Article
Systematic quantitative analysis of ribosome inventory during nutrient stress
https://doi.org/10.1038/s41586-020-2446-y
Heeseon An1,3, Alban Ordureau1,3, Maria Körner1,2, Joao A. Paulo1 & J. Wade Harper1 ✉
Received: 2 February 2020 Accepted: 7 May 2020 Published online: xx xx xxxx Check for updates
Mammalian cells reorganize their proteomes in response to nutrient stress through translational suppression and degradative mechanisms using the proteasome and autophagy systems1,2. Ribosomes are central targets of this response, as they are responsible for translation and subject to lysosomal turnover during nutrient stress3–5. The abundance of ribosomal (r)-proteins (around 6% of the proteome; 107 copies per cell)6,7 and their high arginine and lysine content has led to the hypothesis that they are selectively used as a source of basic amino acids during nutrient stress through autophagy4,7. However, the relative contributions of translational and degradative mechanisms to the control of r-protein abundance during acute stress responses is poorly understood, as is the extent to which r-proteins are used to generate amino acids when specific building blocks are limited7. Here, we integrate quantitative global translatome and degradome proteomics8 with genetically encoded Ribo–Keima5 and Ribo–Halo reporters to interrogate r-protein homeostasis with and without active autophagy. In conditions of acute nutrient stress, cells strongly suppress the translation of r-proteins, but, notably, r-protein degradation occurs largely through non-autophagic pathways. Simultaneously, the decrease in r-protein abundance is compensated for by a reduced dilution of pre-existing ribosomes and a reduction in cell volume, thereby maintaining the density of ribosomes within single cells. Withdrawal of basic or hydrophobic amino acids induces translational repression without differential induction of ribophagy, indicating that ribophagy is not used to selectively produce basic amino acids during acute nutrient stress. We present a quantitative framework that describes the contributions of biosynthetic and degradative mechanisms to r-protein abundance and proteome remodelling in conditions of nutrient stress.
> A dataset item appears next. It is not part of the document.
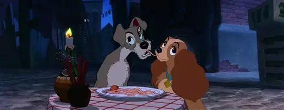 11、《小姐与流浪汉》1955年纯种可卡“小姐”与杂种狗“流氓”在一个意大利餐馆吃通心粉,两只狗分别从两头开始吃一根通心粉,两张嘴巴不可避免地在中间相遇,轻轻地吻了一下。然后“流氓”把盘子里最后一个肉丸子送给了“小姐”。这个经典的接吻镜头后来在很多电影中被模仿。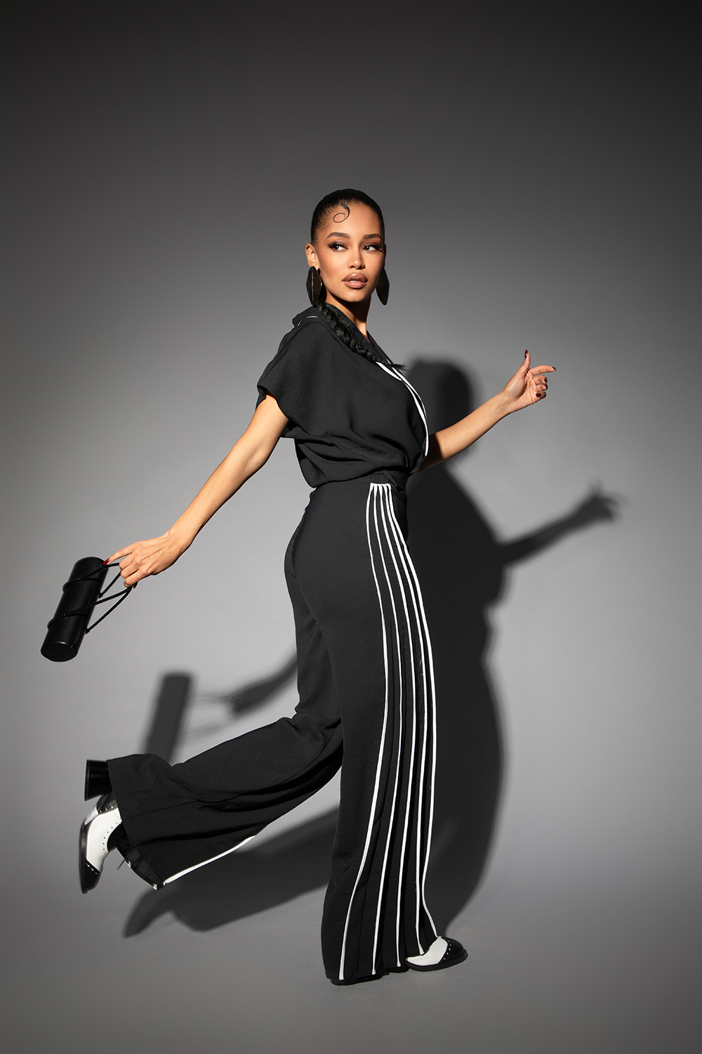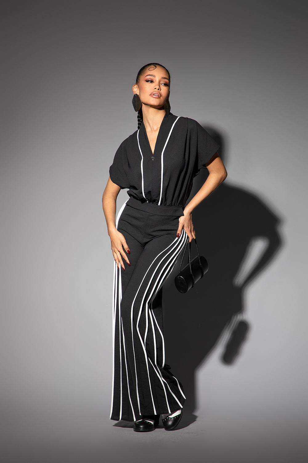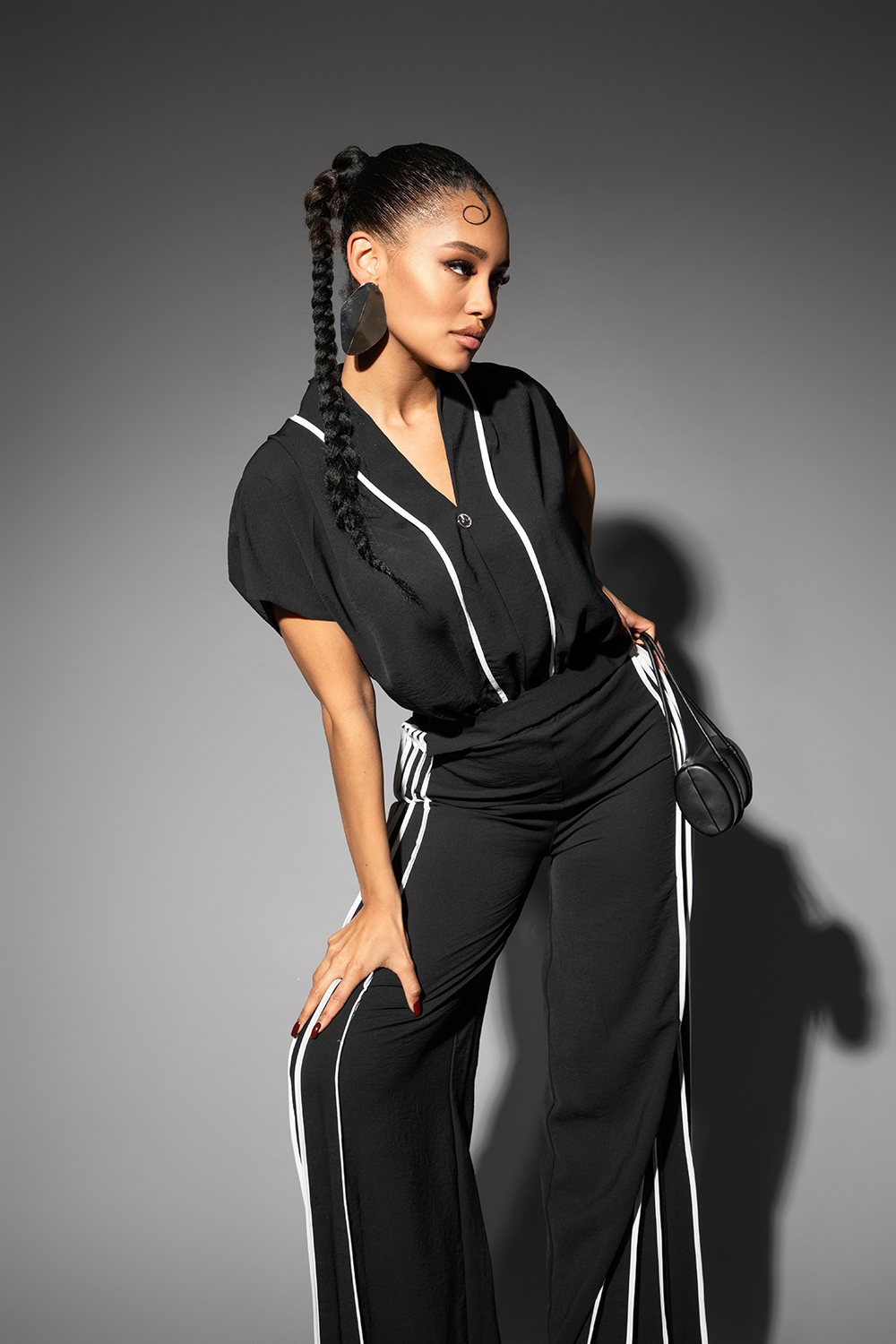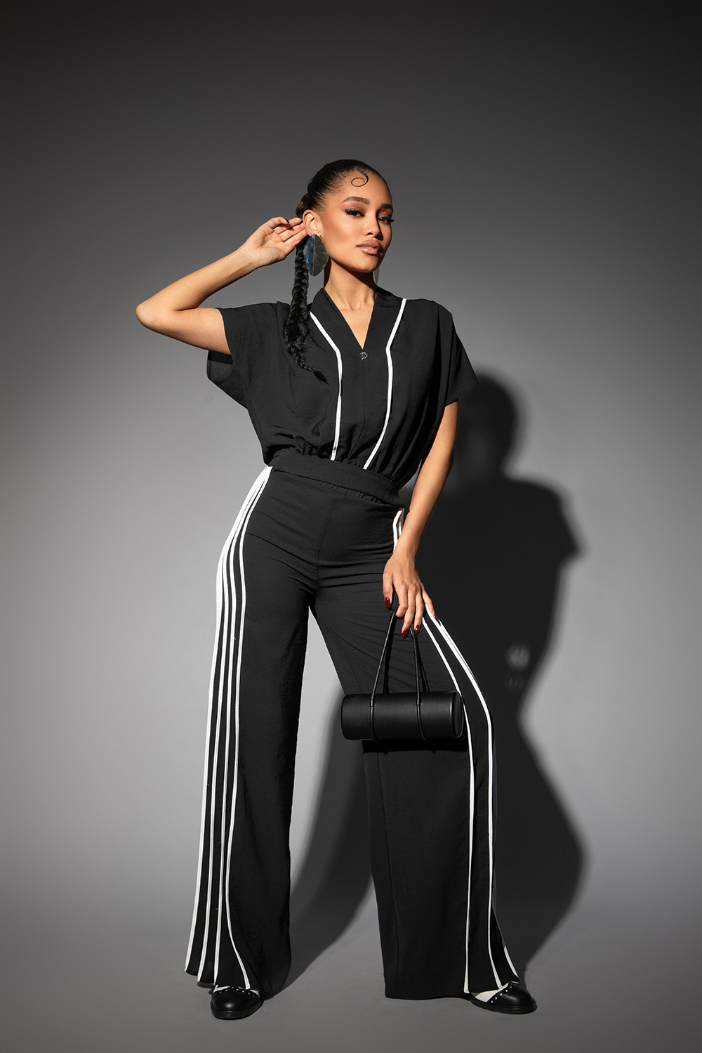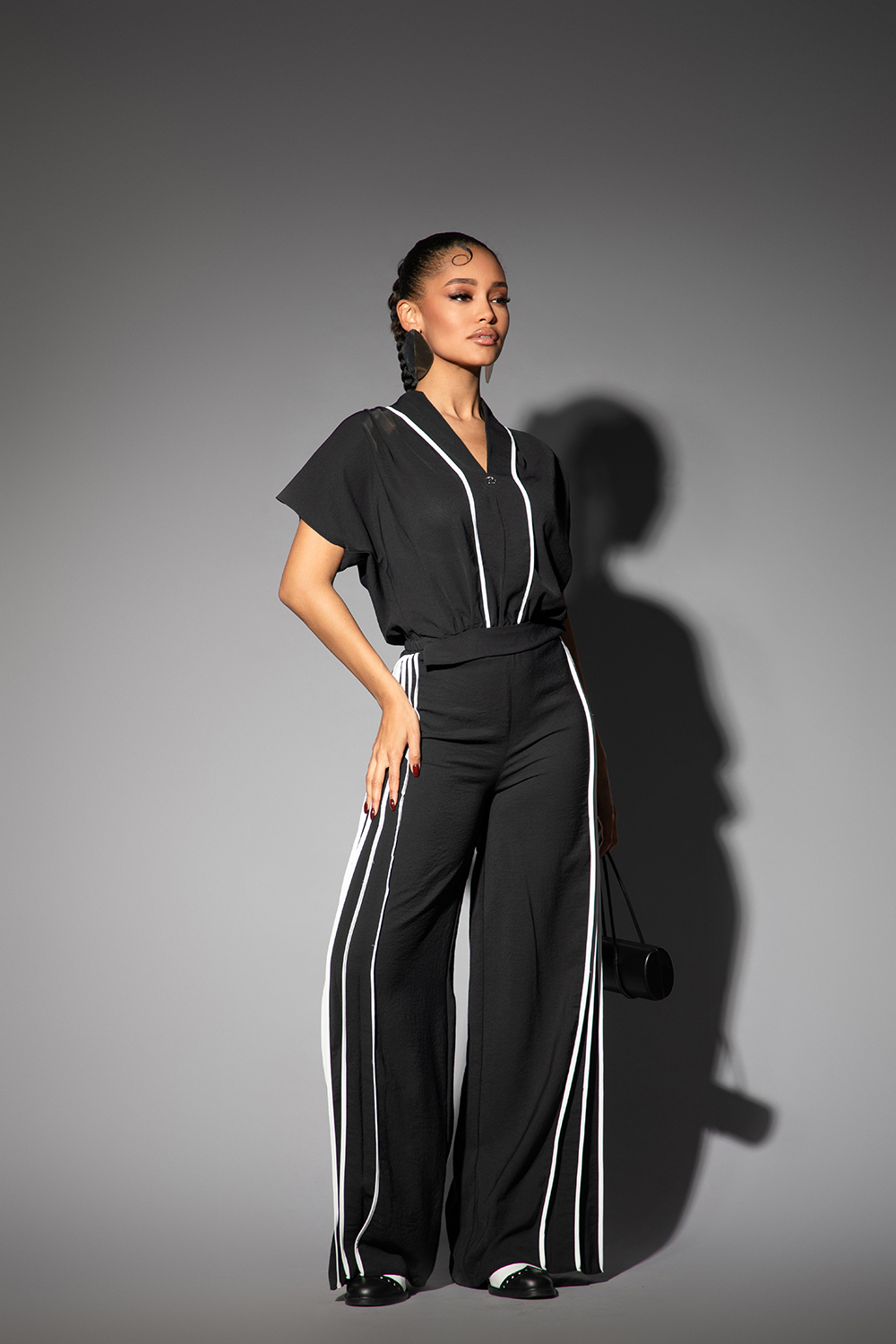 Ефектен елегантен сет в две части, изработен от лека приятна материя в черно. Горната част е свободна блуза с леко скъсен силует. V-образно деколте и декоративни бели биета в предната част. Къс ръкав тип "прилеп" и колан с ластик в задната част. Панталона е с колан ластик в талията и разкроен крачол с ефектни кантове от бяло бие.

r-Protein stoichiometry is controlled by translation and assembly mechanisms as well as by proteasomal degradation of excess r-proteins9–11, whereas autophagy may facilitate the turnover of ribosomes en mass5,7. Previous studies examining the effect of amino acid withdrawal or mTOR inhibition on r-protein homeostasis in mammalian cells have primarily focused on autophagic r-protein turnover, using either immunoblotting to measure r-protein abundance for specific subunits4 or Ribo–Keima to measure autophagic flux5. However, a global view of how cells regulate net ribosome abundance upon nutrient stress is lacking, as autophagy is only one of several components of the ribosome homeostasis system. To uncover the mechanisms that control r-protein levels during nutrient stress, we developed a quantitative framework for analysing r-protein abundance, synthesis, turnover and subcellular partitioning, using methods applicable to ensemble or single-cell measurements (Extended Data Fig. 1a). We first used quantitative proteomics to examine the net balance of r-proteins after the acute withdrawal of amino acids or inhibition of mTOR with a small-molecule inhibitor, Torin1 (Tor1) (Fig. 1a–e, Extended Data Fig. 1b–d). HEK293 and HCT116 cells with or without the
ATG8-conjugation (ATG5) or signalling (RB1CC1, also known as FIP200) arms of the autophagy system were subjected to amino acid withdrawal or treatment with Tor1 for 10 or 24 h, followed by 11-plex tandem mass tagging (TMT)-based proteomics (Fig. 1b). We also mined our published dataset using HEK293T (293T) wild-type, ATG7−/− and RB1CC1−/− cells that were subjected to the same experimental pipeline12 (Fig. 1c, Extended Data Fig. 1b). As expected, both treatments resulted in a reduction in the levels of autophagy cargo receptors (GABARAPL2, LC3B, SQSTM1 and TEX264) and endoplasmic reticulum (ER) proteins, which was dependent on ATG5 or ATG7 and RB1CC112 (Extended Data Fig. 1b–e, Supplementary Table 1). By contrast, plots of the log2-transformed ratio (cells treated with nutrient stressors/untreated cells) versus the −log10-transformed P value for at least 70 out of 80 r-proteins revealed only a modest (4.6–11.6%) reduction of r-protein levels with both forms of nutrient stress; this was largely independent of autophagy (Fig. 1c–f, Extended Data Fig. 1b–d), although there was some variation in the extent of decrease between individual r-proteins (Fig. 1g, Extended Data Fig. 1f). The reduction in abundance for several r-proteins was not observable using quantitative immunoblotting (Extended Data Fig. 1g–k).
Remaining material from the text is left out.